The _initialize method snapshots current files on startup so it does not reprocess existing content. Only files that appear after the watcher starts will trigger the callback.

Downloading Files

When a new file is detected, the callback typically downloads it:

from googleapiclient.http import MediaIoBaseDownload
import io

def download_file(service, file_id: str, output_path: str):
    request = service.files().get_media(fileId=file_id)
    with open(output_path, "wb") as f:
        downloader = MediaIoBaseDownload(f, request)
        done = False
        while not done:
            status, done = downloader.next_chunk()
            logging.info(f"Download progress: {int(status.progress() * 100)}%")

Triggering AI Workflows

Here is how I connect the watcher to my pipeline:

def on_new_file(file_info: dict):
    name = file_info["name"]
    file_id = file_info["id"]
    mime = file_info["mimeType"]

    local_path = f"/tmp/drive_downloads/{name}"
    download_file(service, file_id, local_path)

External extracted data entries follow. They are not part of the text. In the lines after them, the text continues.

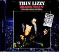 英国を代表する“レディング・フェス”で黄金時代の絶頂を迎えた1977年のTHIN LIZZY。その伝説の現場を伝える極上マスターが新発掘。「GRAF ZEPPELIN」の細密マスタリングで登場です。その伝説ステージが実現したのは「1977年8月27日」。本作は、その現場を真空パックした極上オーディエンス録音です。1977年と言えば、ゲイリー・ムーアとブライアン・ロバートソンの交代もあり、わずかな日付の違いで意味が大きく異なる時期でもありました。まずは、活動全景を振り返ってショウのポジションを確認してみましょう。1977年《前年11月23日:ロボ負傷→ゲイリー参加》*1月3日:ロンドン公演*1月18日ー3月18日 北米#1(37公演)←※SEATTLE 1977《6月『悪名』完成/7月20日ロボ復帰発表》・8月6日ー9月4日:欧州#1(12公演)←★ココ★・9月21日ー11月5日:北米#2(32公演)←※PHILADELPHIA 1977・11月11日ー12月17日:英国#1(28公演)1978年・3月29日:ロンドン公演 ←※映像版L&D・5月15日-26日:欧州#2(5公演)《6月2日『LIVE AND DANGEROUS(アルバム版)』発売》・6月13日ー23日:英国#2(8公演)・7月6日:イビサ公演《ロボ正式脱退/ゲイリー再加入/ナウシーフ参加》*8月8日ー10月15日:北米#3(42公演)*10月20日ー29日:豪州(5公演)←※公式シドニー映像*12月17日:ロンドン公演(ダウニー復帰)※注:「・」印はロボが、「*」印はゲイリーが参加したショウ。これが1977年/1978年のTHIN LIZZY。1976年末にロボが喧嘩で負傷して離脱。1977年春先まではゲイリーが代役を務めたわけですが、『BAD REPUTATION』製作を境にロボが復帰。本作の“レディング・フェス”出演は、そんなロボ復帰の直後にあたる「欧州#1」の8公演目。本稿に目を留められた方なら『LIVE AND DANGEROUS』の元ネタであるサウンドボード・アルバム『DEFINITIVE PHILADELPHIA 1977』もご存知と思いますが、本作はその約2ヶ月前でもあります。1977年の“レディング・フェス”は6月26日ー28日の3日間で開催され、THIN LIZZYは中日のトリとして出演しました。そんな歴史的なステージは名録音が残された事でも知られるのですが、本作はその最新にして最高峰更新盤。ごく最近になって発掘された2ndジェネ・カセットからダイレクトにデジタル化された銘品なのです。実際、そのサウンドは過去最高。従来でも野外フェスらしい反響ゼロのクリアさが際立っていましたが、本作は更に明度が上がっているのです。その威力は冒頭からして明らか。1曲目「Soldier Of Fortune」は穏やかなキーボードとギターが鳴る中でフィルのヴォーカルが入ってきますが、従来マスターはコード音に歌声が埋没気味でもありました。ところが、今回の新マスターはヴォーカルがくっきりと浮き立ち、歌詞の一語一語までしっかり聴き取れる。しかも、これはリマスター効果ではない。シンプルにマスター鮮度が良く、微細部までキレイに残されているからこそ輪郭もくっきりと画かれている。その結果として取り立ててイコライジングするまでもなくメロディが鮮やかに浮かび上がっているのです。そして、バンドが入ってくるとさらに鮮烈。ツイン・ハーモニーはギター1本1本の鳴りが綺麗に描かれ、ボディの共鳴まで感じ取れそうなほど美しい。乱舞するハーモニーを支え、割って入るようなベースもくっきりとしたアタック音がゴリゴリと轟き、それが数珠のように連なってグルーヴを生み出しつつ、1音1音が決して混じり合ったりしない。音色的にオーディンスに間違いはないものの、聴き応えは極上級のサウンドボードと何ら変わらないのです。そんなサウンドボード裸足の超クリア・サウンドで画かれるのは、英国の伝統フェスを制覇した王者のステージ。フェス用セットだけに通常フルセットよりは短いのですが、約65分の持ち時間に黄金時代の必殺曲を濃縮。ここで、その濃厚ぶりもチェックしておきましょう、脱獄(5曲)・Jailbreak/Warriors/Cowboy Song/The Boys Are Back In Town/Emerald その他(7曲)・悪名:Soldier Of Fortune(★)/Dancing In The Moonlight/Bad Reputation(★)・その他:Still In Love With You/Massacre(*)/Don't Believe A Word(*)/Baby Drives Me Crazy ※注:「★」印は『LIVE AND DANGEROUS』で、「*」印は『DEFINITIVE BOSTON 1977』で聴けなかった曲。……と、このようになっています。1977年の最高傑作オーディンス録音と言えば、名盤『DEFINITIVE BOSTON 1977』が君臨しておりますが、本作はそこでは聴けない「Massacre」「Don't Believe A Word」も体験できる。そして何より、有名フェスに臨む熱気が素晴らしい。当時のライヴ・レポートでも3日間で一番の大絶賛を集めたようですが、それが誇張ではないのがよく分かる。乗りに乗ったフィルの歌声は叫ばなくても力強く、張りも艶っ艶。どこをどう聴いてもつぶやくように歌っているはずなのに、不思議とよく通って詩情が胸にじんわりと染み渡るのです。大名盤『LIVE AND DANGEROUS』を引き合いに挙げるまでもなく、人気面でも音楽面でも大全盛にあった1977年のTHIN LIZZY。本作は、その絶頂となるハイライト・フェスをサウンドボード裸足の極上クオリティで現場体験できるライヴアルバムです
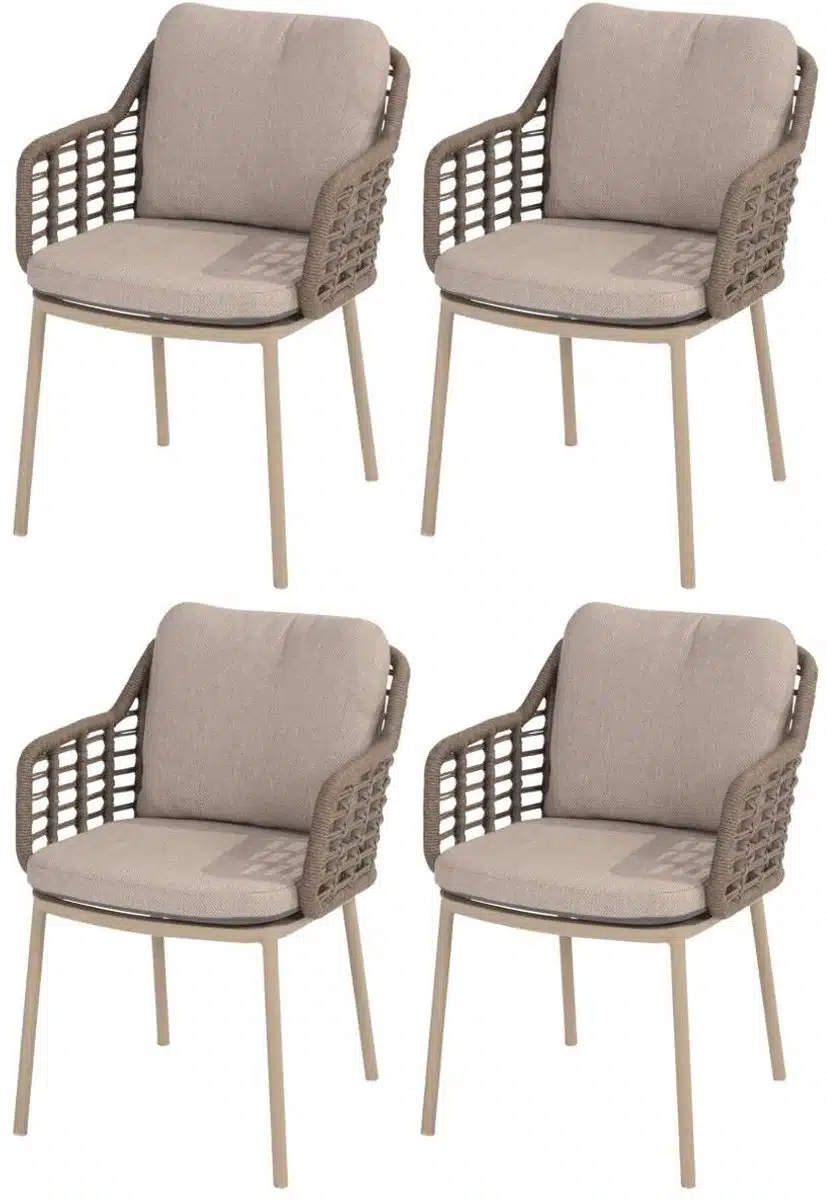 Met dit quartet voegt u niet alleen zitplaatsen toe, maar ook een stijlvolle basis voor vele buitenmomenten. Ervaar comfort en elegantie in één set, klaar om uw tuin of terras op een verfijnde manier te verrijken. De Puglia dining tuinstoel latte van Taste 4SO is een slimme keuze voor wie zoekt naar kwaliteit en gemak.
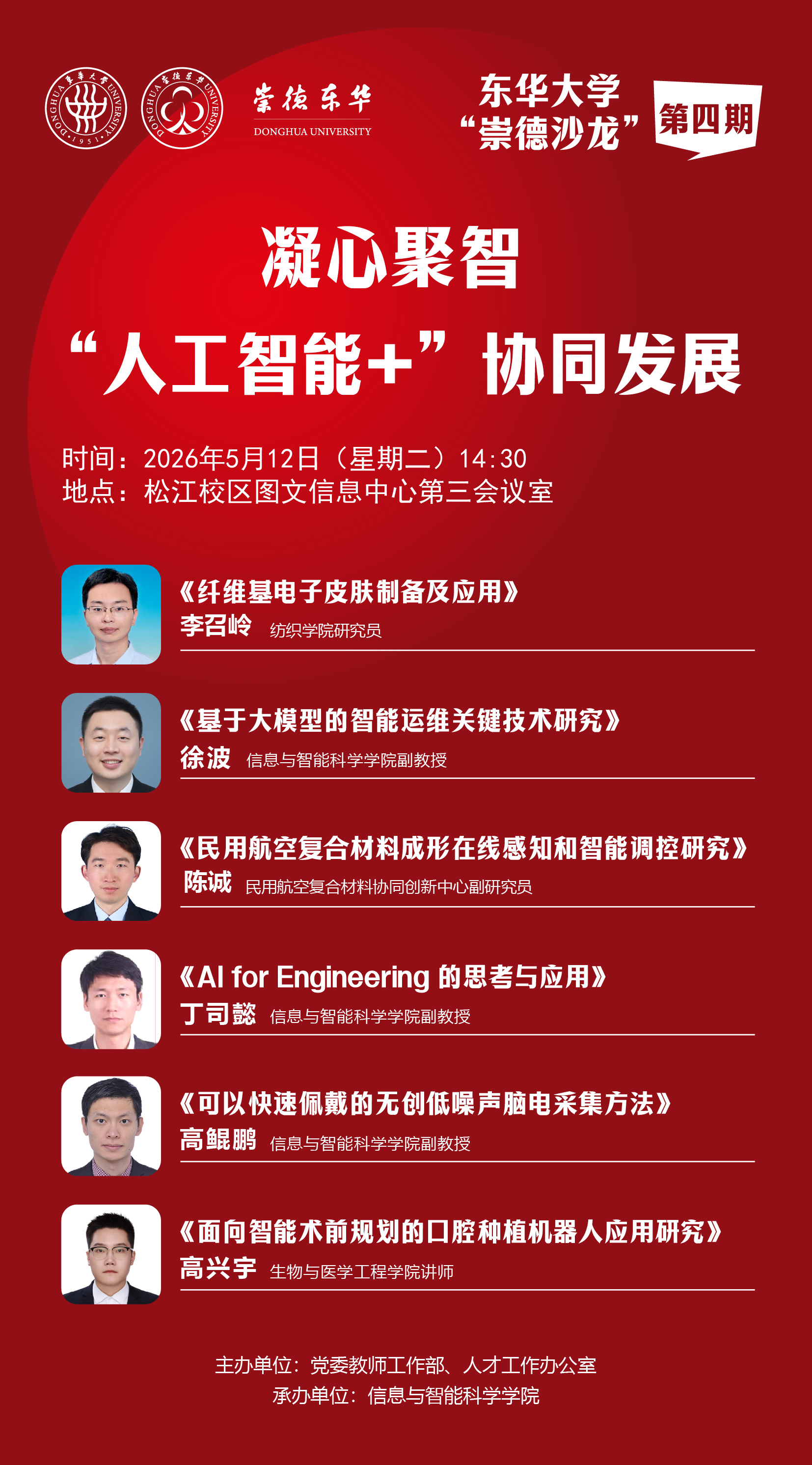 当前,人工智能与多学科深度交叉融合已成为推动科技创新的重要引擎,更是赋能产业升级、服务国家战略与上海先导产业发展的关键支撑。教师作为立德树人与科技创新的主力军,既要紧跟前沿,锤炼交叉融合与协同创新能力;更需坚守育人初心与师者匠心,把教学科研融入强国建设与教育强国大局。
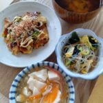 • 茄子と厚揚げ中華炒め、オクラえのきおかか和え物、ほうれん草玉子ソテー、味噌汁、ご飯

    if mime.startswith("audio/"):
        process_audio(local_path)
    elif mime.startswith("image/"):
        process_image(local_path)
    elif mime == "application/pdf":
        process_document(local_path)
    else:
        logging.warning(f"Unsupported file type: {mime}")

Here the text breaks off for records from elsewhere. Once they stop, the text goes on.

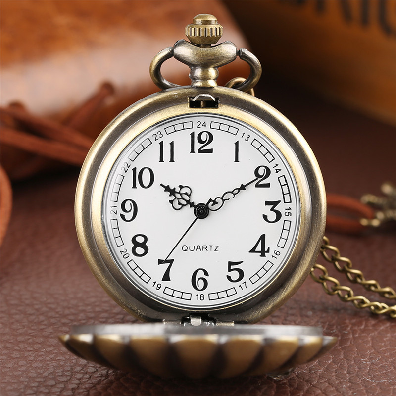Retro Shell Rhinestones Quartz Pocket Watch Classic Necklace Pendant Gift
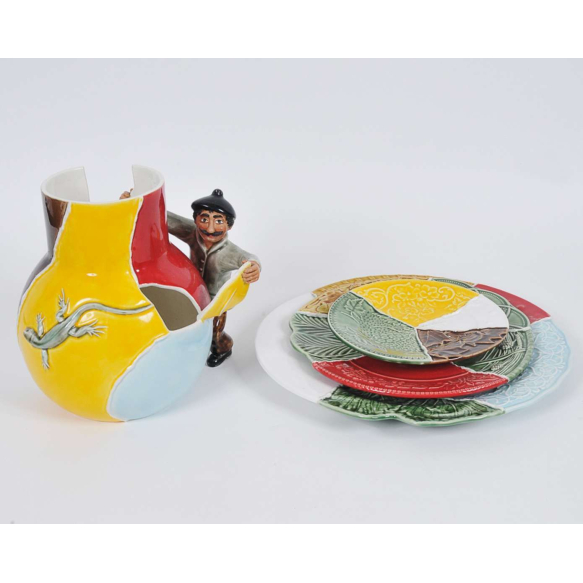 EspañolVik Muniz/Bordello Pinheiro - O colador de cacos - Lote composto por 4 peças em faiança nacional pintada a mão e decorada em relevos sendo, um vaso e três pratos ricamente esmaltados - Tiragem de 250 - Assinatura base
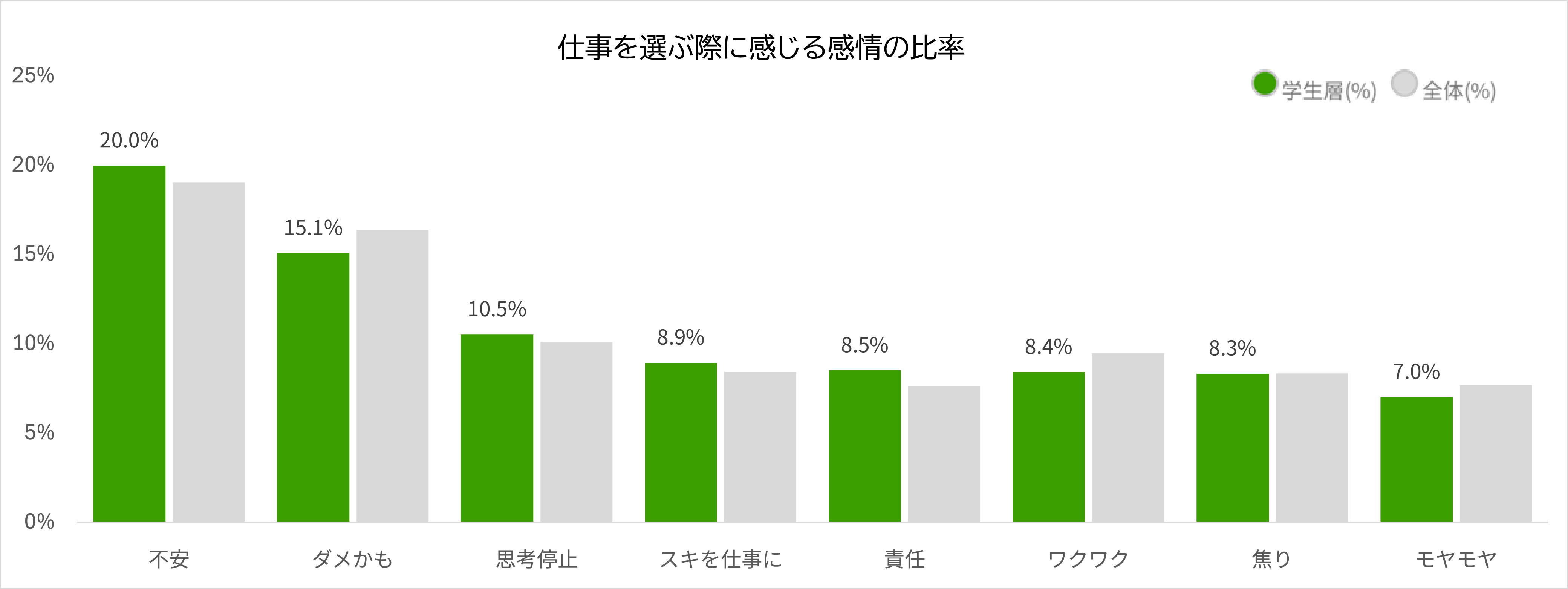 仕事を選ぶことは、若者にとって人生の方向性を決定する重大な局面です。しかし、今回の調査では、仕事を選ぶ際に「不安」を感じる割合が最も高く、学生層では20.0%、社会人層を含めた全体でも19.0%に達しました(以降、()内の数値は回答者全体の割合)。次いで「ダメかも感」が15.1%(16.4%)、「思考停止」が10.5%(10.1%)と続き、ネガティブな心理が強く表れています。一方で、「ワクワク」は8.4%(9.5%)、「好きなことを仕事にしたい」は8.9%(8.4%)、「頑張ればできる」は6.9%(6.4%)と、前向きな感情は相対的に低水準でした。
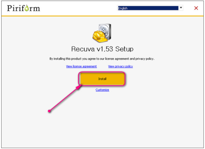 recuva 설치파일 다운로드 후 실행하시면 설치가 시작됩니다. 아쉽게도 인스톨시 나타나는 언어는 영문이죠. 한글판은 공식적으로 제공되지 않는데요. 일단 프로그램을 설치해보겠습니다.
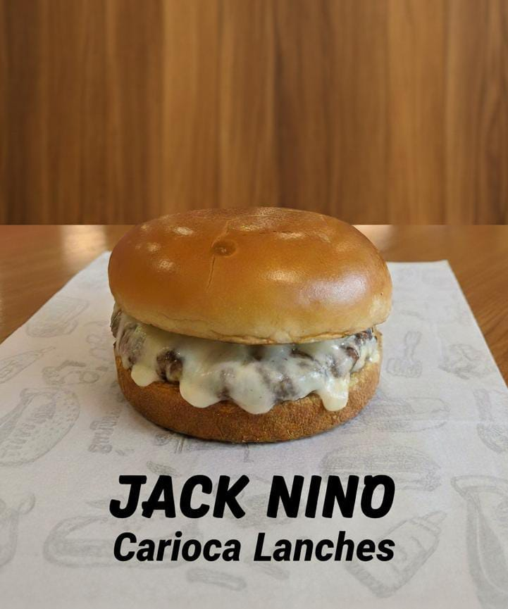 Pão de brioche artesanal, molho american, hambúrguer bovino de 100g, queijo cheddar, bacon, cebola roxa, picles, alface e tomate.

watcher = DriveWatcher(service, FOLDER_ID, on_new_file)
watcher.run(interval=60)

The callback routes files to different processing functions based on MIME type. Audio files go to the transcription pipeline, images to the thumbnail generator, and PDFs to the document analysis workflow.

Production Hardening

For reliable operation, I added several improvements:

Persistence: Save known file IDs to a JSON file so the watcher survives restarts without reprocessing
Error recovery: Wrap the callback in try/except and send Telegram alerts on failure
Deduplication: Check if a file has already been processed before downloading
PM2 management: Run the watcher as a PM2 process for automatic restarts

Alternatives Considered

Google Drive push notifications via webhooks would be more efficient than polling, but they require a publicly accessible HTTPS endpoint and webhook verification. For a server behind a firewall or without a domain, polling is simpler and perfectly adequate at 60-second intervals. The API quota cost is negligible.

For more complex workflows, consider using Google Cloud Functions triggered by Drive events. But for a single-folder watcher, the polling approach is the right level of complexity.